Diante disso, a Assessoria de Imprensa apressou-se em desmentir a interpretação e garantiu que nada mudaria. Mas persistiu a confusão porque ninguém, fora da Petrobrás, sabe como se formam os preços.

Em 2001, após o fim do monopólio, a Petrobrás definiu que seguiria as cotações internacionais convertidas em reais pelo câmbio interno. Mas a atual administração entendeu que os preços internos não poderiam estar sujeitos à volatilidade, que reage a cada mudança de temperatura no Hemisfério Norte ou a cada vazamento que ocorra num oleoduto.

Se não são convenientes revisões instantâneas, a Petrobrás ao menos poderia definir que a cada três ou quatro meses trataria de fazê-las, quando também seriam compensados eventuais ganhos ou perdas.

Para projetar a inflação interna e definir a política monetária (juros), o Banco Central trabalha com o pressuposto de que neste ano não haverá alteração dos preços da gasolina e do gás de cozinha, como repetem as atas do Copom. Mas a Petrobrás argumenta que os preços continuarão seguindo a trajetória internacional "porque o petróleo é uma commodity".

Não dá para dizer que os preços internos são sempre mais baixos para contentar o consumidor. Hoje, por exemplo, acontece o contrário. É o que diz a RC Consultores cujos cálculos apontam para uma diferença (a maior) dos preços internos sobre os externos de 6%, no caso da gasolina, e de 2%, no caso do óleo diesel.

Muitos argumentam que uma empresa estatal deve vender seus produtos a cotações sempre mais baixas, não só porque "o petróleo é dos brasileiros", mas também porque os custos de produção não passam de 25% dos preços internacionais.
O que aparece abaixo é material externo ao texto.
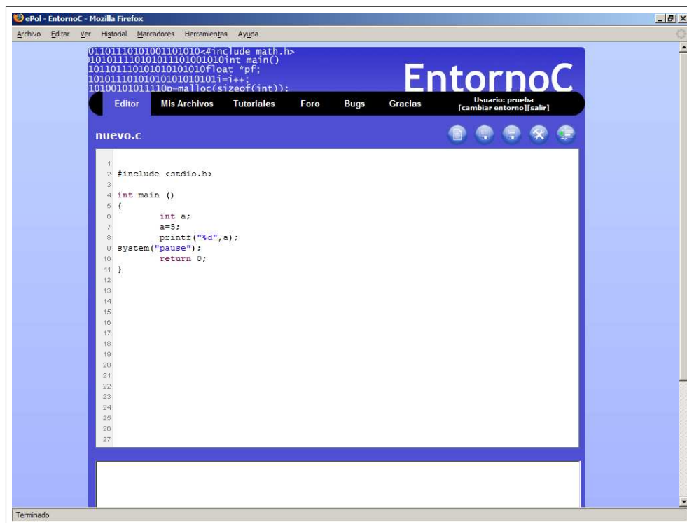
Figure 2: OLC Work screen. With the tabs menu, the tools bar, and two text areas: one for the code and the other one for the results.

Ou, então, que não se justificam preços mais altos diante dos lucros monstruosos apontados nos últimos balanços.

Há pelo menos quatro razões pelas quais a Petrobrás teria de ser mais clara. A primeira é a de que nenhuma outra empresa terá interesse em investir no Brasil enquanto prevalecerem preços subjetivos. A permanente desatualização dos preços pode ser entendida como manobra para manter afastada a concorrência.

Em segundo lugar, o risco de quebra de faturamento (e de resultados) que se segue a uma política assim levanta dúvidas sobre a capacidade de investimento. A Petrobrás precisa avançar na prospecção e produção, na exploração do gás, na construção de oleodutos e gasodutos, na instalação de novas refinarias. Apenas neste ano, estão previstos investimentos de R$ 25,7 bilhões. Neste momento, procura parceiros para a refinaria do Nordeste. Qual a probabilidade de aparecerem interessados se os preços não acompanham o mercado?

Terceiro, a Petrobrás não é apenas uma estatal. É também uma empresa de capital aberto, com ações negociadas em Nova York e em Buenos Aires. Deve a todos os acionistas (e não apenas a seus controladores) plena satisfação sobre os critérios operacionais adotados.

Finalmente, se prevalecerem critérios subjetivos, cai por terra a racionalidade pela qual deve ser pautada a administração de uma empresa regida pelas leis de mercado, como defende a Petrobrás.